GOOGLE may be about to pair all that data it has on users’ web browsing with the ads displayed on public billboards. Creepy? Maybe. Inevitable? Almost certainly. The Alphabet Inc unit is in talks in Germany about pushing into out-of-home advertisin­g billboards in stations, shopping centres and shop windows according to ‘Wirtschaft­sWoche’. The move would be a precursor to similar expansion in the US and the UK, the magazine said.

That’s unlikely to mean that a Google search for underwear as a gift will pop Calvin Klein ads on the digital billboard when you’re at a bus stop. You can leave your copy of ‘1984’ on the bookshelf for now. But it could mean that, when a train full of Borussia Dortmund fans arrives at the station, the advertisin­g hoarding changes to show soccer kit or beer, while on a Monday morning at rush hour it displays BMW ads for well-to-do commuters.

Google has been testing programmat­ic ad technology for billboards since at least 2015. The technology is currently restricted mainly to web ads: because Google, Facebook and others are able to track users’ browsing behaviour, they are better able to target publicity at them.

Because of Google’s dominant position in mobile operating systems — Android runs on three-quarters of all the phones in Europe — it is also able to track users’ locations. Privacy concerns mean it’s unlikely to be able to target out-of-home ads at individual­s, but it can pull demographi­c data on what kinds of people are in a given place at a given time.

Using cellular data for advertisin­g hoardings isn’t new: Carriers such as BT Group already sell data to advertiser­s, while it’s estimated that automation of digital-billboard purchasing could boost earnings at JCDecaux by as much as 66pc.
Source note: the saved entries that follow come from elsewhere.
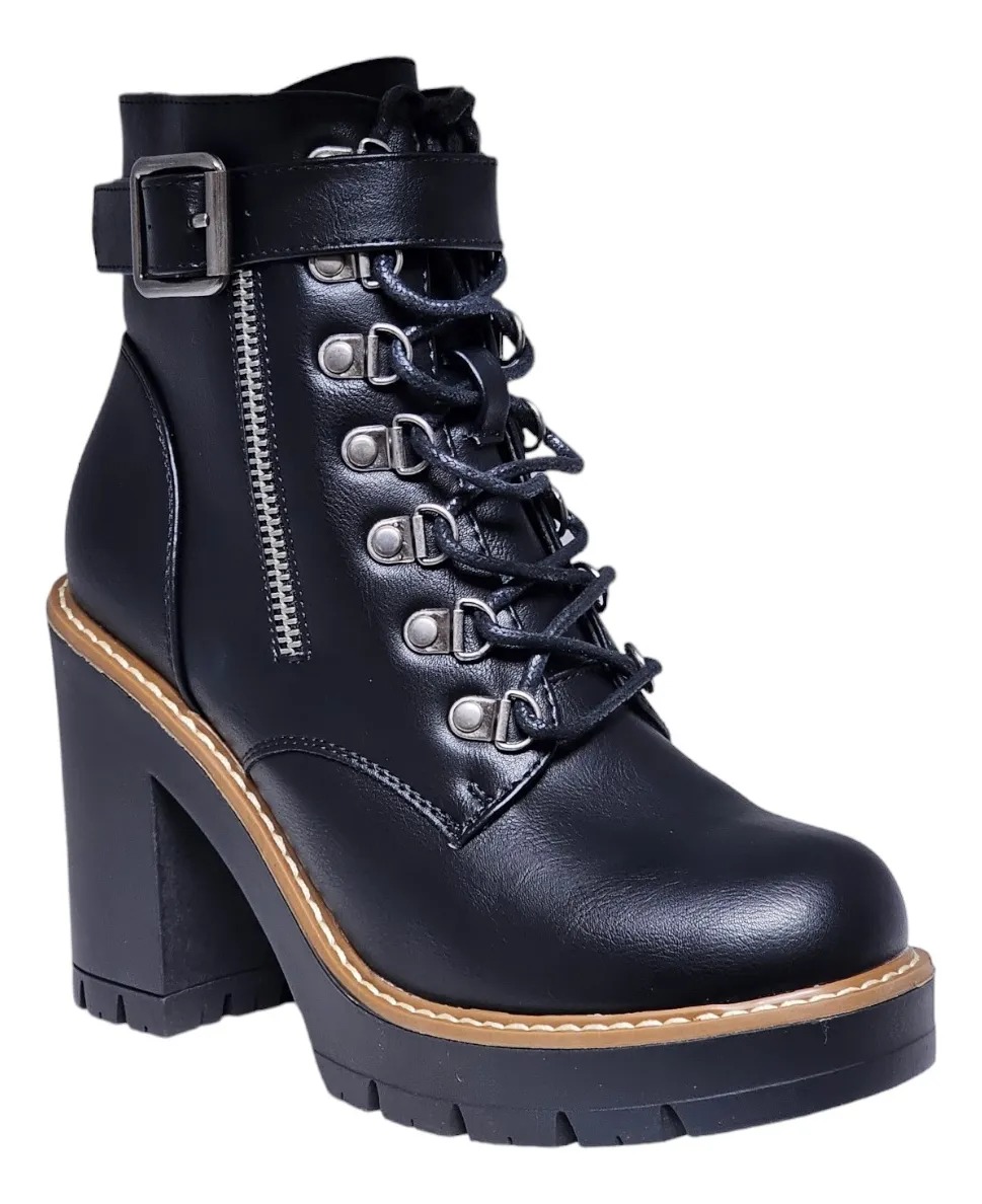 Botines Eco Cuero Negro De Taco Mujer PG23084-1NG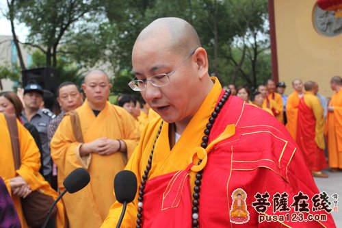 中国佛教协会副会长、江苏省佛教协会会长、镇江金焦二山方丈心澄大和尚致辞:“今天我们汇聚一堂,一起见证万寿古刹法院胜兴的空前盛况感到高兴。借此机会,我谨代表江苏省佛教协会对今天的庆典表示热烈的祝贺!祝愿万寿寺道业昌隆,梵刹曾辉!我们相信有各级领导的亲切关怀,有续建法师的慈心悲愿,有两序大众的勇猛精进,有广大居士的热心护持,万寿寺的明天一定会更加美好,灿烂辉煌!”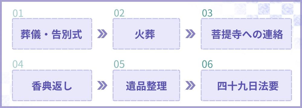 葬儀から四十九日法要までの間には、いくつかの重要な儀式や手続きがあります。ここでは、主なスケジュールと、それぞれの時期に行うことをまとめます。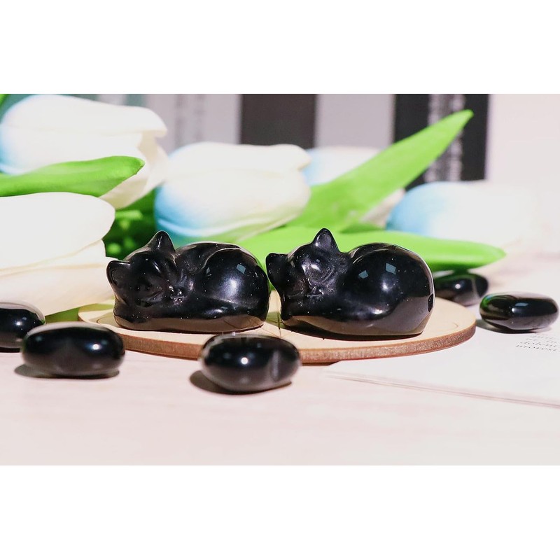 - Specifications: 1 x Kawaii cat decoration. Size (approx. ): 1.6 inches. Weight: 37 g/piece. Obsidian crystal sleeping cat statue is polished and very beautiful, we specially choose a velvet bag and an exquisite gift box to wrap it, perfect cat gifts for women, for cat lovers.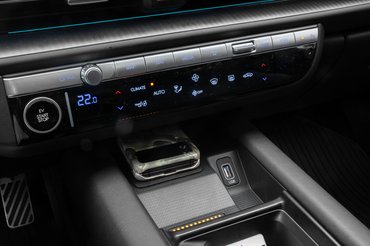 Huzamosabb ideig ülve az Ioniq 6-ban el kell ismerni, hogy kimondottan kényelmesek az ülései, a gombnyomásra beállítható pihenő állás tényleg kényelmes. Aludni mondjuk nem lehet jó benne. A beltér praktikus a rengeteg tárolóval, az ablakemelő gombok nem az ajtókon, hanem középen találhatóak, a fontos menüpontoknak pedig vannak fizikai gombjai - kivétel a fűtésnek. Ugyanis ezek érintős gombok, amiknek nincsen haptikus visszajelzése, így párszor elterelte a figyelmemet az útról. A 12,3 colos infotainment kijelző éles, pontos, bár ha valamit a jobb harmadában akarsz megnyomni, akkor készülni kell egy alapos nyújtózkodásra. A hangulatvilágítás minimálisan javít az amúgy egyszínű beltéren, de a műszerfal és az ajtó néhány borítása szörnyen olcsónak hat.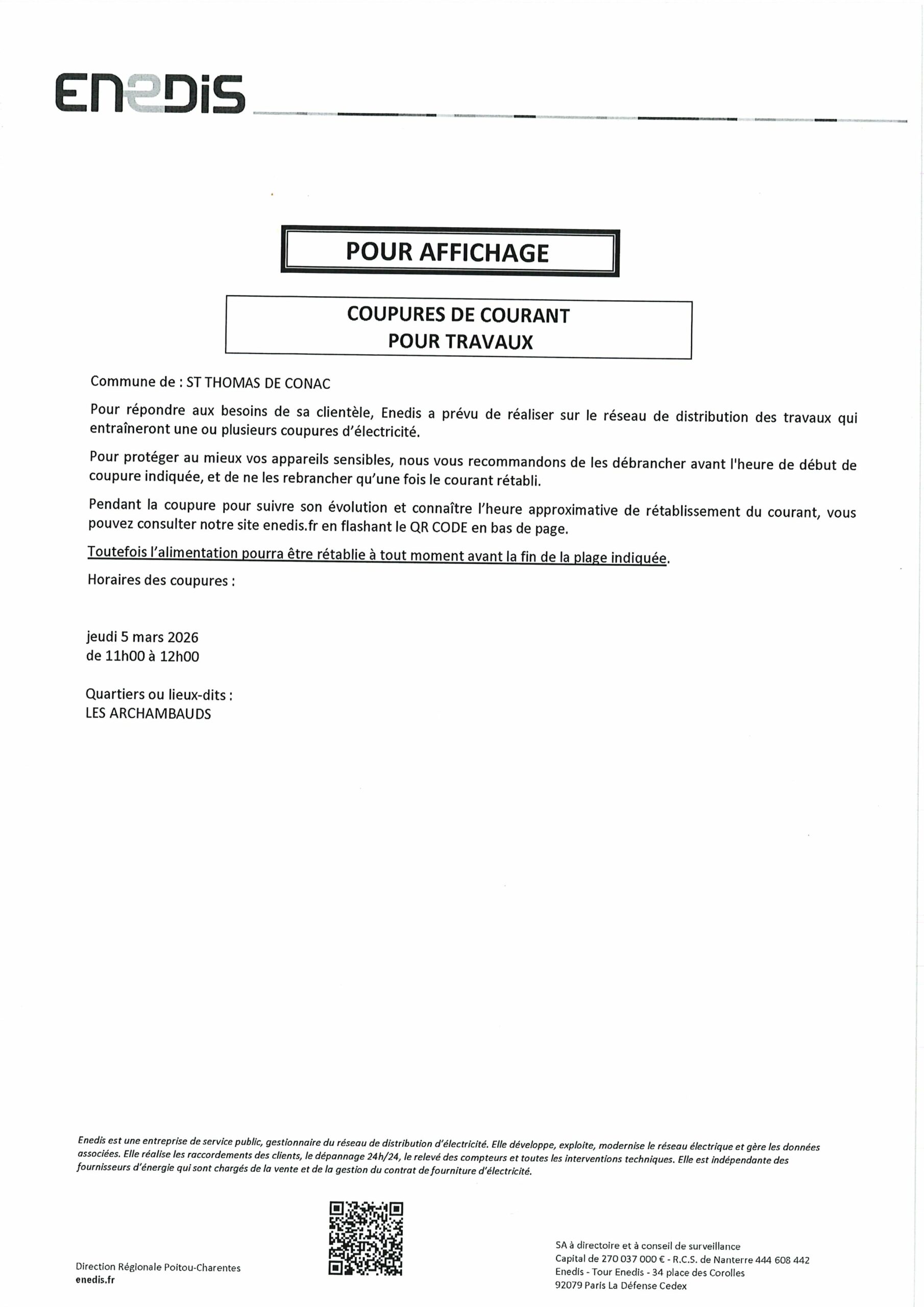 Coupures de courant pour travaux le jeudi 5 mars de 11 h 00 à 12 h 00.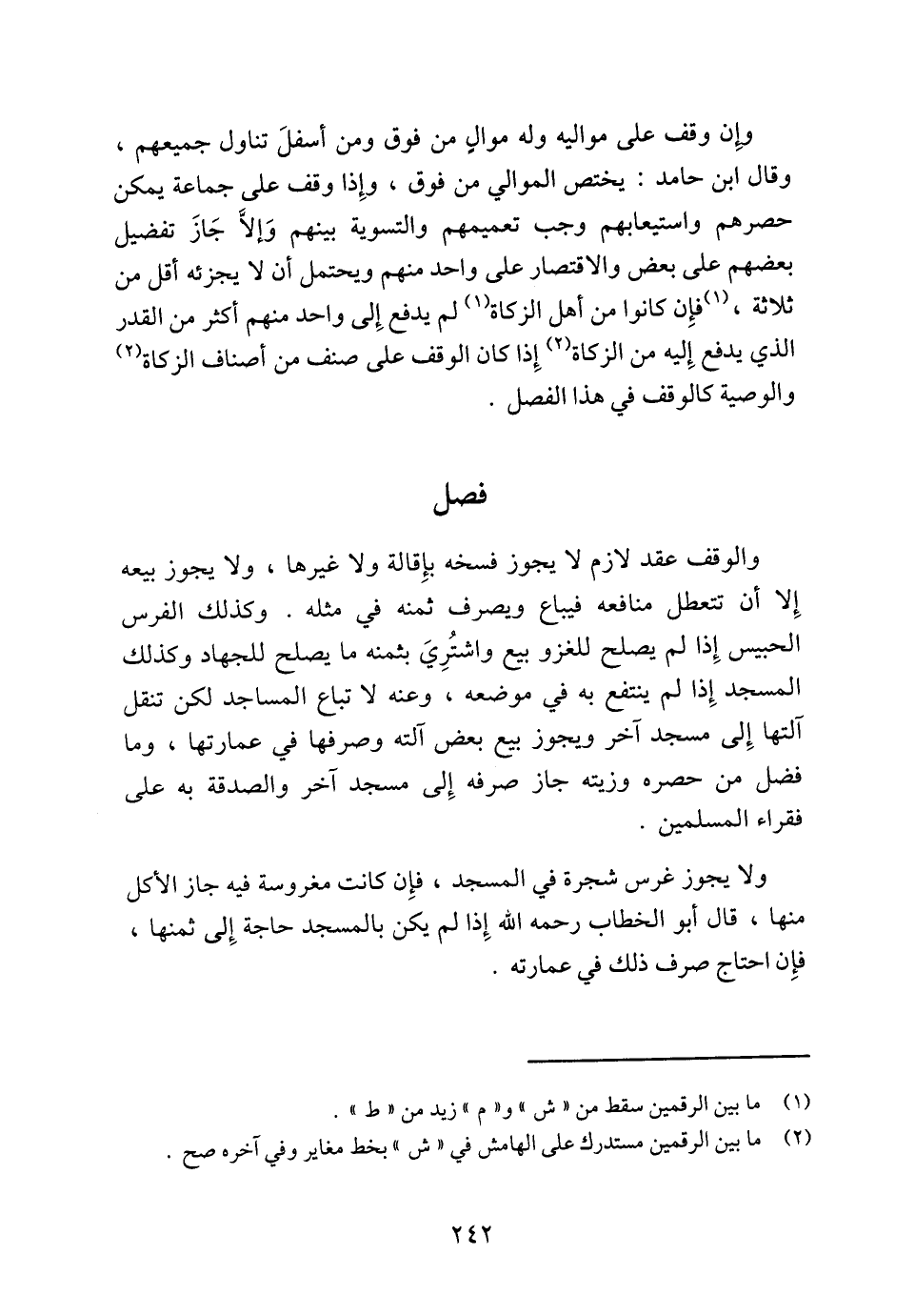 والوقف عقد لازم لا يجوز فسخه بإِقالة ولا غيرها، ولا يجوز بيعه إِلا أن تتعطل منافعه فيباع ويصرف ثمنه في مثله. وكذلك الفرس الحبيس إِذا لم يصلح للغزو بيع واشتُرِيَ بثمنه ما يصلح للجهاد وكذلك المسجد إِذا لم ينتفع به في موضعه، وعنه لا تباع المساجد لكن تنقل آلتها إِلى مسجد آخر ويجوز بيع بعض آلته وصرفها في عمارتها، وما فضل من حصره وزيته جاز صرفه إِلى مسجد آخر والصدقة به على فقراء المسلمين.

Digital outdoor ad spending is growing at 15pc annually, and will overtake traditiona­l outdoor outlays by 2020, according to PwC. But Google is the 800-pound gorilla that’s not yet in the room. It would give it another major edge over Facebook.

Many lucrative locations are already on long-term leases but one option could see Google bidding for future control for Transport for London billboards operated by Exterion Media.

It’s not quite 1984, but George Orwell would surely be taking notice.